My college roommate would cry so hard she’d throw up when her DH/then SO ended a visit. I’d hug her and make her a countdown calendar to his next visit.
I can’t even imagine feeling this way do I don’t know how to advise you exactly… I do think it would be awful to be broken up with while traveling so maybe see how you feel when he gets back and go from there?
Post # 12
I can definitely see both sides of the advice given. On the one hand, it has only been a couple of months, and if he didn’t do anything wrong, it may be just the initial feeling of lust and rebound wearing off. Of course everything is exciting in the beginning.

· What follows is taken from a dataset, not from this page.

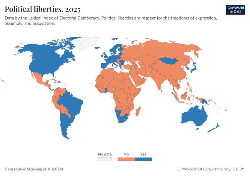 Skaaning et al. (2025) – processed by Our World in Data. “Political liberties” [dataset]. Skaaning et al., “Lexical Index of Electoral Democracy (LIED) v6.8” [original data]. Retrieved February 12, 2026 from https://chart-preview-extension.owid.pages.dev:8789/20260119-065148/grapher/political-liberties-lexical.html (archived on January 19, 2026).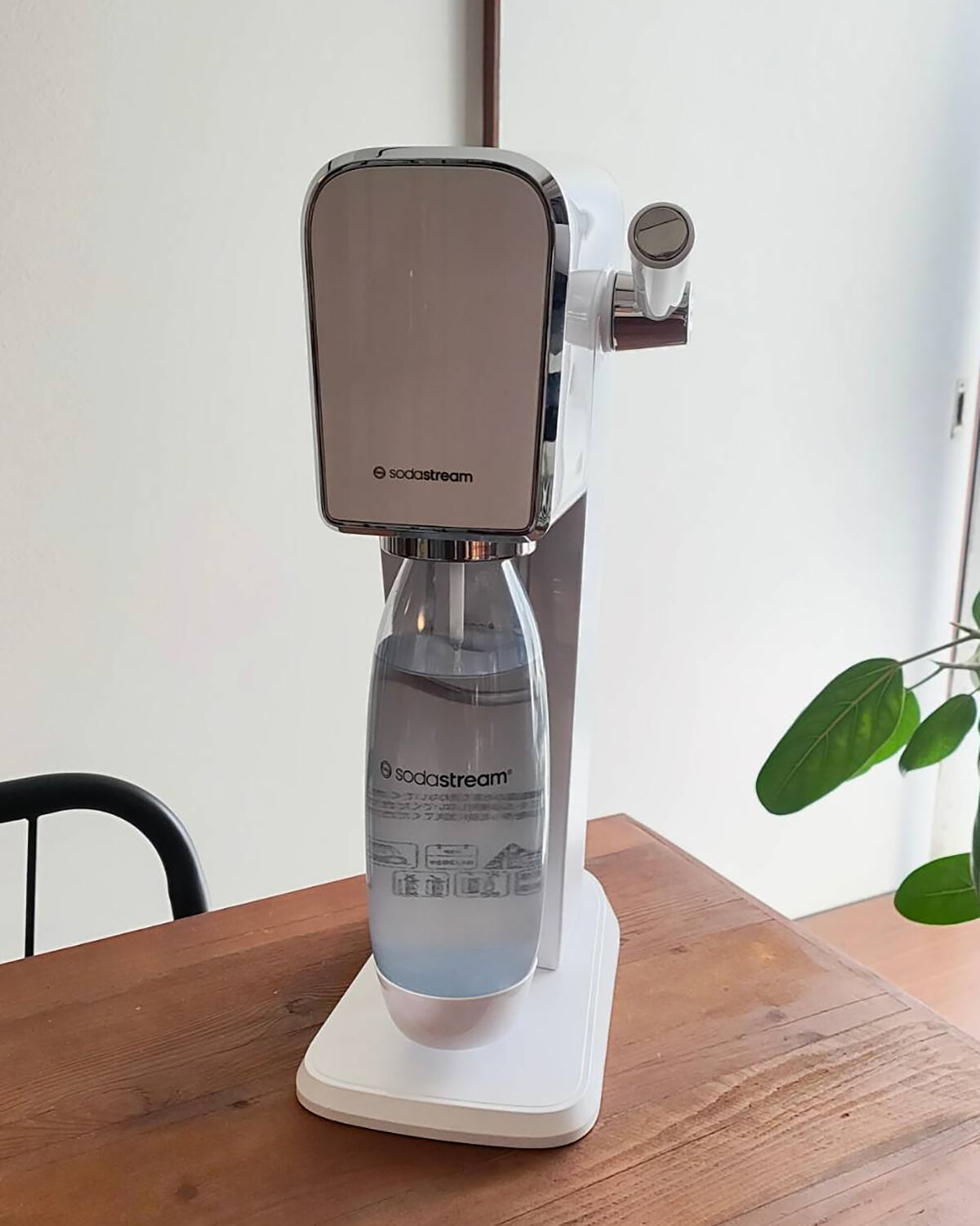 初代ソーダストリームは電動だったのですが、今回選んだモデルは手動レバーで炭酸ガスの注入量を調整できる「アート」。丸みのあるレトロなデザインはミッドセンチュリー感を醸し出し、築50年の我が家にもなじんでいます。

Long term relationships ebb and flow too but there should always be some sort of feeling of excitement when thinking about the other person.
At the same time, it may be better to cut your losses if you really no longer have interest in this guy. It’s not fair to either of you for you to stay with him if you really don’t want to. Life’s too short.
I would at least give it until he returns from Europe. Maybe that spark will come back.
Post # 13
That’s a lot of pressure for someone you’ve only known for a few months to be “The One.”
I’m not sure if you should break up with him or not- I miss my husband sometimes, other times I can’t wait for him to leave (but I’m always happy to see him again). Maybe see how you feel when he returns or see what happens in the interim.
Post # 14
I had a high at the beginning when dating my husband too. Afterwards, even though he hadn’t changed, I started to look more critically into his behaviors because that initial “crush” feeling wore off. Unlike grade school, it does not last for months and months. You are an adult now and you need to make good judgment.
As others have said, you should continue dating him for a bit longer. You don’t need to be feeling lovey dovey all the time to love and be with someone.
Post # 15
Infatuation is common at the beginning of relationships. I am honestly surprised adults dont know that when they fall head over heels for someone right off the bat, that’s not actual love. You have no way of knowing if he is the one. I hope that doesn’t sound mean. That feeling will fade, and sometimes there will still be something there, but other times there is not. Maybe you should still give him a chance, though, but just keep it slow like you said.